Patients in Protocol 8 were randomized to receive two months of either daily rifampin or twice-weekly rifapentine, together with daily isoniazid, pyrazinamide, and ethambutol. After the induction phase, patients on the rifapentine arm received once-weekly rifapentine and isoniazid, while those in the rifampin arm were given twice-weekly isoniazid and rifampin.

A total of 722 patients were enrolled and equally divided into the two arms. Those with negative pretreatment cultures and drug resistance were excluded. There were few adverse events and no life-threatening toxicity, O'Brien notes, adding there was an increased incidence of hyperuricemia in the rifapentine arm.

Although the FDA panel expressed some concern about the higher relapse rate in the rifapentine arm - 8.7% compared with 3.9% in the rifampin arm - there was little discussion about the higher failure rate in the rifampin arm - 2.8% compared with 0.3% for the rifapentine arm. An analysis of relapse showed male gender, baseline severity of disease, delayed sputum culture conversion, and noncompliance with the three other drugs during the induction phase were associated significantly with relapse and found more frequently in the rifapentine arm, O'Brien says.

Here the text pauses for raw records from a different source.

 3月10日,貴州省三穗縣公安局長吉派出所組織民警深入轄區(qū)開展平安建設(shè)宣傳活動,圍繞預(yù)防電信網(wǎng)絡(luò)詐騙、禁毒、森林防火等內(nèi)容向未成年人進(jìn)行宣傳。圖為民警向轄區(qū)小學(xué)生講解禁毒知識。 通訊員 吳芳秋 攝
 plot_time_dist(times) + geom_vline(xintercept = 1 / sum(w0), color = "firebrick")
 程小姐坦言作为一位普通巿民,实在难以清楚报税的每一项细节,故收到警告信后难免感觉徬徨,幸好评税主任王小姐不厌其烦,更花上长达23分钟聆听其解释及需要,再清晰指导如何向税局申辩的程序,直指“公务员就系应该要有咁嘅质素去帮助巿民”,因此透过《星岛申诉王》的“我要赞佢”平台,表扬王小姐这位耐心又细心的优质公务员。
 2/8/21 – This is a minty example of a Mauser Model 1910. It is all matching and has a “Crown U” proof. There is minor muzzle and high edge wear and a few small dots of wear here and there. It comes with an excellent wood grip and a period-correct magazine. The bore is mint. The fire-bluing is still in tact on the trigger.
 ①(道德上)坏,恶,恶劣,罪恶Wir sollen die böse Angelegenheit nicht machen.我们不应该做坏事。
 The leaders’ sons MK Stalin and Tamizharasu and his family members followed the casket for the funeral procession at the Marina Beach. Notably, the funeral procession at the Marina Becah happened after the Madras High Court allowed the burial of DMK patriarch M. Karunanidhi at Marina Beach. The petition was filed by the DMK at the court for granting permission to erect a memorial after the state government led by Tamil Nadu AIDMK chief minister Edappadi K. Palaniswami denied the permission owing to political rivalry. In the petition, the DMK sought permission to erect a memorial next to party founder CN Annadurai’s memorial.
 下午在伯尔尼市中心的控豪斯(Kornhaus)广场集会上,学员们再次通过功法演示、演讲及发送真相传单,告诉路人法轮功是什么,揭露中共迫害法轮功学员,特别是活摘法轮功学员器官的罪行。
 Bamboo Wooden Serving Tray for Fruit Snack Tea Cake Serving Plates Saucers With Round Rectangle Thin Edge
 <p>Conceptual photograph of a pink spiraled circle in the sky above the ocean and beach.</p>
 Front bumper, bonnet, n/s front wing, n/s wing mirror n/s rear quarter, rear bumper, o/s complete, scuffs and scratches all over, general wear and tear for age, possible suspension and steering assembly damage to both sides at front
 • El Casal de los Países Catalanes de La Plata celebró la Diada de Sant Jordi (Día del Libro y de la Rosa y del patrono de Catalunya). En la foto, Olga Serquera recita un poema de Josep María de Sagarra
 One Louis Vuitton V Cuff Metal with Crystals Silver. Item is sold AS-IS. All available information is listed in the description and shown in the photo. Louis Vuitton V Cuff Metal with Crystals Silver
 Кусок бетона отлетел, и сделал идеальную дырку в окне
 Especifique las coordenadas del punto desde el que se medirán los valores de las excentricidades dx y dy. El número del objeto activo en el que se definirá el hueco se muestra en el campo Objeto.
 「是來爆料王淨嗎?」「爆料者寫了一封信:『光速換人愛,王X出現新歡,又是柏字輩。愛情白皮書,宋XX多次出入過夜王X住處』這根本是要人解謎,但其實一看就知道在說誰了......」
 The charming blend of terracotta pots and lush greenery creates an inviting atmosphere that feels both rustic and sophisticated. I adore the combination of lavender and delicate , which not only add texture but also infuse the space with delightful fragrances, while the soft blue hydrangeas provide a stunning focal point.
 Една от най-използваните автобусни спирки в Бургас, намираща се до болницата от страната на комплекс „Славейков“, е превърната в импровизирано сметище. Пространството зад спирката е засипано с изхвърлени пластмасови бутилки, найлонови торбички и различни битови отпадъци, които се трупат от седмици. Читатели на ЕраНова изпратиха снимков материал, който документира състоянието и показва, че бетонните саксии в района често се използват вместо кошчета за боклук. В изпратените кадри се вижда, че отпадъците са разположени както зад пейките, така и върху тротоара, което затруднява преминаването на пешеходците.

Both the company's and the FDA's intent-to-treat analyses of Protocol 8 indicate compliant patients taking rifapentine who were "early converters" showed a low rate of relapse compared with patients in the rifampin arm. The panel's statisticians, however, expressed reservations about those post hoc findings, he says.

China data omitted

Researchers in China have been studying rifapentine for several years. However, data from a completed Hong Kong study, which also showed a higher-than-expected relapse rate, were not presented at the meeting because Hoechst Marion Roussel insists the drug used in the study is manufactured in China and differs from its product. The Hong Kong researchers have reported the batches of the drug used in that study had suboptimal bioavailability. The Hong Kong study results were published in the June issue of the American Journal of Respiratory Care and Critical Medicine.

Because of the limited human data on rifapentine, the FDA panel approved rifapentine pending final review of Protocol 8 study after patients reach 24 months of follow-up, which would be more than a year from now. The company also has committed to developing additional studies that could better define how it should be used, O'Brien says.

The committee suggested the need for several follow-up studies, including an evaluation of higher doses of intermittent rifapentine, other intermittent regimens, modified induction regimens, and rifapentine use in HIV-positive patients and children. Toward that end, the CDC, the World Health Organization, and the International Union Against Tuberculosis and Lung Disease (IUATLD) are developing a protocol for a collaborative international trial of rifapentine as a follow-up to Study 22. As part of designing the study, the CDC will review new animal data on rifapentine this summer and meet with collaborators just before the IUATLD meeting in Bangkok this fall, O'Brien tells TB Monitor. One study of rifapentine in mice, published in the May issue of the American Journal of Respiratory Care and Critical Medicine, looked at the efficacy of the drug for once-weekly regimens, says O'Brien, one of the study's authors. A follow-up study, conducted by researchers in Paris, is evaluating rifapentine use in a shortened phase of daily treatment, possibly as short as two weeks, followed by once-weekly dosing during the continuation phase, he adds.

Ongoing studies will continue to evaluate why HIV-positive patients on rifapentine were at risk for relapse with rifampin-resistant TB in Study 22. However, because rifapentine, like rifampin, is an enzyme inducer, the drug probably would not be suitable for patients taking protease inhibitors, O'Brien adds.